Dr. McLean will construct a novel tool for selecting cultured cells with expanded or contracted CAG repeats. This tool is a system known as a reporter and is based on CAG repeat length-dependent disruption of HTT mRNA observed in patients. The reporter will be used to quantify the CAG repeat expansion rate of different patient derived alleles, which have the same length of uninterrupted CAG repeats but different DNA bases on either side. Additionally, he will undertake a screen to identify genes that modify CAG repeat instability or the disruption of HTT mRNA. Novel modifiers may provide therapeutic routes to promote CAG contraction or prevent further expansion, while modifiers of mRNA disruption may provide targets to prevent the death of neurons.

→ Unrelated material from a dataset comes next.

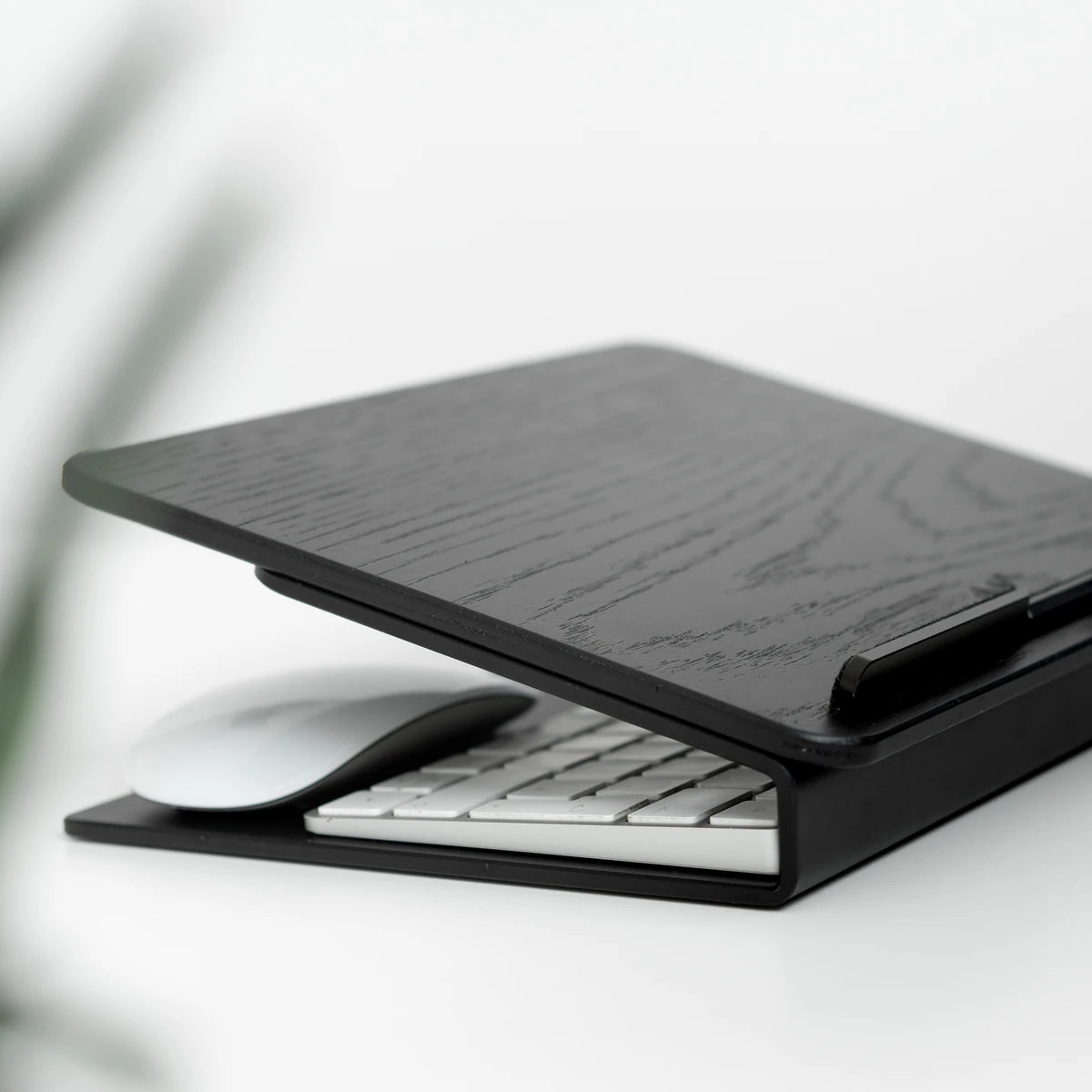 Clear some space on your desk and enjoy an instantly tidy workspace. Our laptop stand provides the perfect storage space for your keyboard and mouse.

If I were to take you into my lab right now to show you the most exciting thing happening there, it wouldn’t be an experiment, it wouldn’t be a particular project - it would be the people.

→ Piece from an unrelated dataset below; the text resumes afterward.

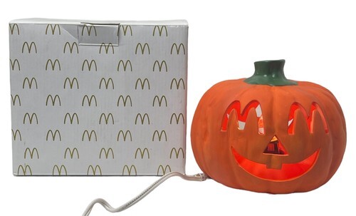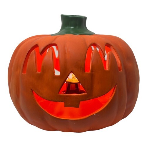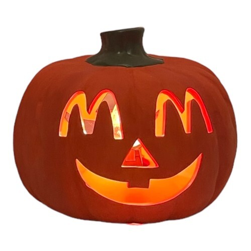 Vintage McDonalds Halloween Lighted Ceramic Pumpkin Double Sided Jack O Lantern

Christopher E. Pearson, PhD The Hospital for Sick Children (SickKids) University of Toronto
JENNy MoRToN, PHD, SCD, FRSB
Institution: University of Cambridge, England
Project Title: Can core body temperature be used as a readout for changes in metabolism in Huntington’s disease?
It has long been suspected that changes in metabolism are important in Huntington’s disease because so many patients become very thin. But metabolism is complex and difficult to study in humans, so evidence for metabolic defects in people with HD is scarce. We know from a metabolomics study that dozens of metabolites are abnormal in presymptomatic HD sheep. In this project, Dr. Morton will use thermal imaging of sheep to see if core body temperature that is directly related to metabolism is different in HD sheep compared to normal sheep. She will then determine if temperature regulation deteriorates further in the HD sheep as the disease progresses. If this is the case, then core body temperature could be used as a non-invasive ‘surrogate’ biomarker to track metabolic changes in HD.
CHRiSToPHER NG, PHD
Mentor: David Housman, PhD
Institution: Massachusetts Institute of Technology, Cambridge
Project Title: Characterization of genetic variants that modify age of onset in Huntington’s disease
Dr. David Housman helped pioneer the 1983 discovery of the genetic marker for Huntington’s disease. The Housman lab now studies how the rest of the human genome controls the age at which a person with the Huntingtin mutation becomes symptomatic for the disease.
A postdoctoral fellow in the Housman lab, Dr. Ng plans to identify other genetic markers that modify HD age of onset. To do so he is using the extensive collection of patient samples and clinical data collected in Venezuela over a 23-year period from the world’s largest HD family. He will characterize the malfunctioning of proteins encoded by the genetic variants in HD patient samples and in mice models. Further, he aims to discover the role of modifier variants in the pathology of the disease by genetic manipulation in cells from people with HD and in HD mice models. Understanding how these variants alter the course of the disease will help distinguish the molecular pathways that are most capable of modulating Huntington’s age of onset. By going from genetic to molecular insights, he hopes to target these modifier pathways to develop protective therapies capable of slowing HD pathology.